# TASK REQUIREMENTS:
Could you transcribe exactly the lines below, from the line with "- חטיף POOF- עבור" through the line with "360° Magnetický Stojan", and nothing else, leaving out the pictures?

# EXTRACTED DATA:
■ ■ ■ ■

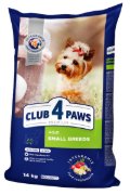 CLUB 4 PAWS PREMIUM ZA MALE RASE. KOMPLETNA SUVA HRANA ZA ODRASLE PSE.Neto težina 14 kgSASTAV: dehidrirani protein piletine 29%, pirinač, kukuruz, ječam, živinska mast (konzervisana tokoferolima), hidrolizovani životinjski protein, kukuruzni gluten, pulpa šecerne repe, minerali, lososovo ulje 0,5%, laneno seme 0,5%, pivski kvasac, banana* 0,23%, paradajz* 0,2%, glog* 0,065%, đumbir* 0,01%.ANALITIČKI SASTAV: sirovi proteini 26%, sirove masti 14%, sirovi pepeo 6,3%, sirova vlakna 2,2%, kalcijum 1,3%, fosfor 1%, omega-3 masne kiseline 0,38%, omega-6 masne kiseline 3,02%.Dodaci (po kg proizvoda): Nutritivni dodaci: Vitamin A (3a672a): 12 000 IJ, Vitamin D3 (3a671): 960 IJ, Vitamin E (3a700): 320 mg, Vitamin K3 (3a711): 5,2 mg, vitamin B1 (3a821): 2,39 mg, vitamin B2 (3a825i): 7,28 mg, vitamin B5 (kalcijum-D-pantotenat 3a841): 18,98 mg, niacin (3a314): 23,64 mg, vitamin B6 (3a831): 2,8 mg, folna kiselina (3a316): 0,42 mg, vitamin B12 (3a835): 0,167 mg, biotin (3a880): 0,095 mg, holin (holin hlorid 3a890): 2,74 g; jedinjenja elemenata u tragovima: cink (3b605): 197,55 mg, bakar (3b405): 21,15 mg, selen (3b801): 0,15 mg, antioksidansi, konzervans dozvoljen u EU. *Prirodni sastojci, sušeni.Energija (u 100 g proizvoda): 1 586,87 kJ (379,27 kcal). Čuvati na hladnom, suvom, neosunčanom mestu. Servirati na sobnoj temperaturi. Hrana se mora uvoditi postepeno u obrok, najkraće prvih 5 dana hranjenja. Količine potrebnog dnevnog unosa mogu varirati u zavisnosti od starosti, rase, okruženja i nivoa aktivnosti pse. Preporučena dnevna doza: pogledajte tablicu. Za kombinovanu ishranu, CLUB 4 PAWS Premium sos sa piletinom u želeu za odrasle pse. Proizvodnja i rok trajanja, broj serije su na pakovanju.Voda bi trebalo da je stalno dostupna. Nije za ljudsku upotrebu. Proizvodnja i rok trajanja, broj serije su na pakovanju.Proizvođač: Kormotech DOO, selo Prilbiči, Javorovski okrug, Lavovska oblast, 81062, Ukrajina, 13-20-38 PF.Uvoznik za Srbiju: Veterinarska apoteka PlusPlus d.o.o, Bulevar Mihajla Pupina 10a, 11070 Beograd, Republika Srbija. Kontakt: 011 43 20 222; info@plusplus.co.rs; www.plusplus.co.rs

■ ■ ■ ■

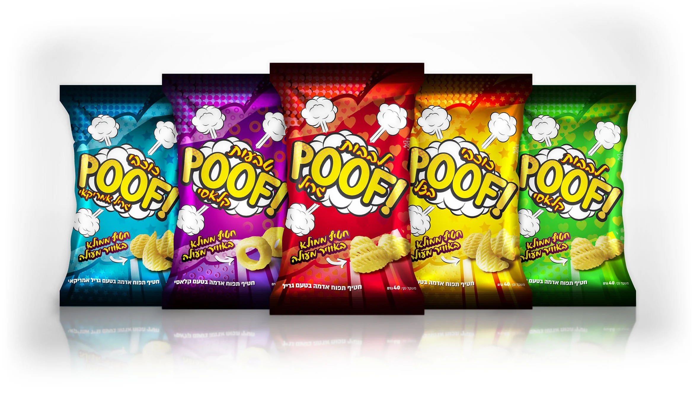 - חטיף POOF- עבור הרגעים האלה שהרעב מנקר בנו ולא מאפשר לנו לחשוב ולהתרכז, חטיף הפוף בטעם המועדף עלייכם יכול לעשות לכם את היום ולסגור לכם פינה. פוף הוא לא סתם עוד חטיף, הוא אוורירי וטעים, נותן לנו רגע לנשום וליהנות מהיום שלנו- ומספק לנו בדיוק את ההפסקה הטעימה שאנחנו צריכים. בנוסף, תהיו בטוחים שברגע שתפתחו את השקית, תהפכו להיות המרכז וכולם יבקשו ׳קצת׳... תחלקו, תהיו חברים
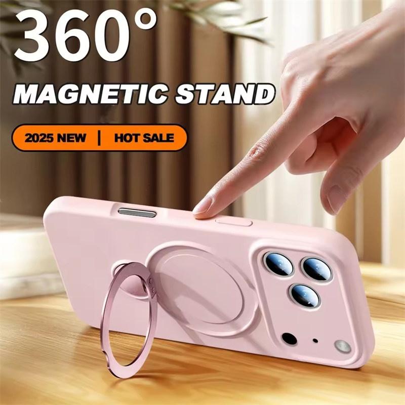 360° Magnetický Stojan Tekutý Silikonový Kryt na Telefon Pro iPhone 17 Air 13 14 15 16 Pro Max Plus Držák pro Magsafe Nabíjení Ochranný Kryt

■ ■ ■ ■

# REPLY TO THE TASK:
 - חטיף POOF- עבור הרגעים האלה שהרעב מנקר בנו ולא מאפשר לנו לחשוב ולהתרכז, חטיף הפוף בטעם המועדף עלייכם יכול לעשות לכם את היום ולסגור לכם פינה. פוף הוא לא סתם עוד חטיף, הוא אוורירי וטעים, נותן לנו רגע לנשום וליהנות מהיום שלנו- ומספק לנו בדיוק את ההפסקה הטעימה שאנחנו צריכים. בנוסף, תהיו בטוחים שברגע שתפתחו את השקית, תהפכו להיות המרכז וכולם יבקשו ׳קצת׳... תחלקו, תהיו חברים
 360° Magnetický Stojan Tekutý Silikonový Kryt na Telefon Pro iPhone 17 Air 13 14 15 16 Pro Max Plus Držák pro Magsafe Nabíjení Ochranný Kryt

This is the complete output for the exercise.